The evacuation followed reports of rising water levels in a barrier lake that formed after a landslide near the Swallow Grotto Trail (燕子口步道) in Taroko National Park, discovered earlier yesterday by construction workers.
Photo courtesy of the Highway Bureau
The lake and landslide dam are near the 175.5km mark of the Central Cross-Island Highway, known as Provincial Highway No. 8, outside Jin Heng Tunnel (靳珩隧道), the Directorate-General of Highways’ Eastern Region Branch said.
If the lake were to overflow, floodwaters could reach Jinwen Bridge (錦文橋) near the park entrance within 50 minutes, the Forestry and Nature Conservation Agency’s Hualien Office said.
As of about 5pm, the dam was holding an estimated 270 tonnes of water, enough to raise water levels at Jinwen Bridge by about 5m, tapering to about 2m further downstream where the riverbed widens, it said.
The section of Provincial Highway No. 8 between Taroko National Park and Tiansiang (天祥) was closed from 6pm yesterday until further notice, the Highway Bureau’s Eastern Region Branch Office said.

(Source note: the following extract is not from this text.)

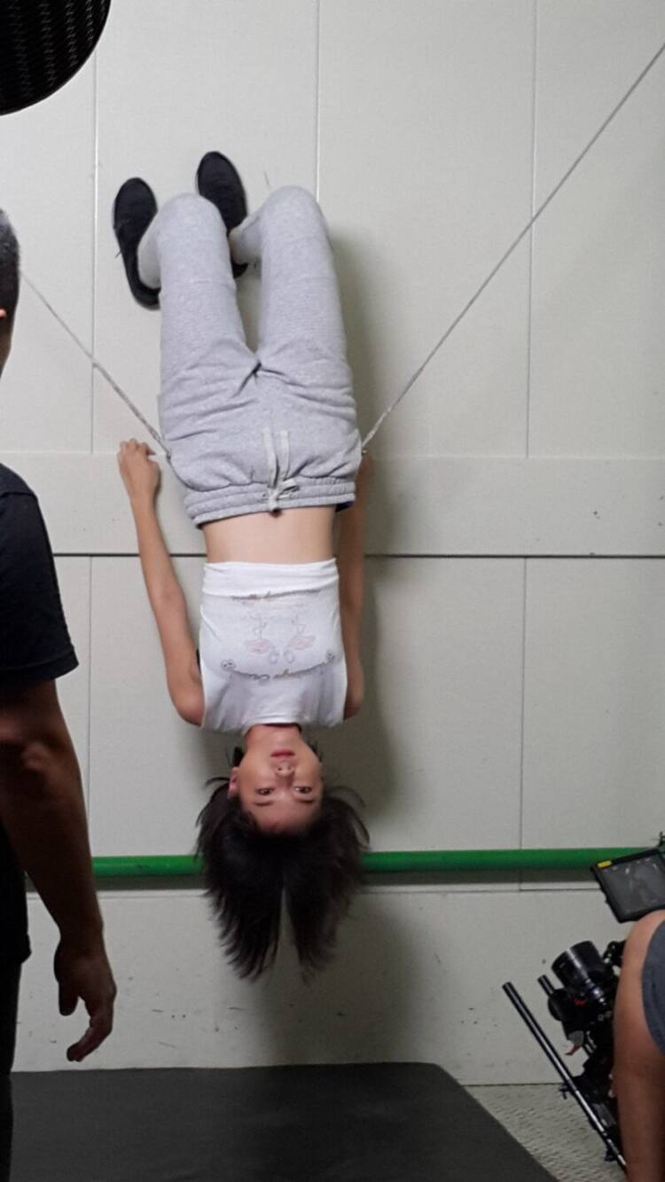 จากนั้นจึงมาถ่ายเจาะซีนที่สาวเฟินโดนสาวป่านเหวี่ยงเข้ากำแพง และเฟินต้องตีลังกาหนีไปเกาะฝาผนัง แล้วตีลัง กากลับหัวสไลด์ลงมา แม้จะมีนักแสดงแทนแต่เพื่อให้ภาพสมจริง เฟินจึงต้องขึ้นสลิงและห้อยหัวลงมาจริงๆ เพื่อให้ตากล้อง เก็บภาพ สามรอบ แม้จะมีทีมงานคอยดูแลอย่างใกล้ชิด แต่ก็เล่นเอาเจ้าตัวมึนหัวเล็กๆ จากนั้นจึงมา เก็บซีนสายป่าน และ เฟินต่อสู้กันต่ออีกเล็กน้อย…หลังจากถ่ายทำเสร็จเรียบร้อยแล้ว สาวเฟินเผยว่า “สนุกดีค่ะ ไม่เคยเล่นบู๊ มาก่อนเลย ก่อน ถ่ายก็มีมาซ้อมคิวกันก่อน พี่ๆ ก็ช่วยสอนเทคนิคต่างๆ ให้ค่ะ เพิ่งเคยร่วมงานครั้งแรกกับ พี่ป่านค่ะ เจอกันครั้ง แรกก็บู๊กันเลยค่ะ (ยิ้ม) เรียกว่าเป็นฉากเปิดเรื่องด้วย ซึ่งผลของการต่อสู้จะเป็นอย่างไรฝากติดตาม ด้วยนะคะ”

Floodwaters from the barrier lake could reach the road by about 7pm, the office said.
The Central Weather Administration (CWA) said a weather system near Guam could strengthen into a tropical depression and become a tropical storm today.
Forecast models indicate the system is likely to move through the Bashi Channel between Taiwan and Luzon in the northern Philippines before tracking west toward China’s Hainan Province, bringing rain across Taiwan from tomorrow, the CWA said.
Last month, a barrier lake in the Mataian River (馬太鞍溪) in Hualien burst during Super Typhoon Ragasa, flooding Guangfu Township (光復).
As of yesterday, official figures showed that the disaster left 19 people dead and 157 injured, with five people still missing and 717 rescued, data released on Tuesday showed.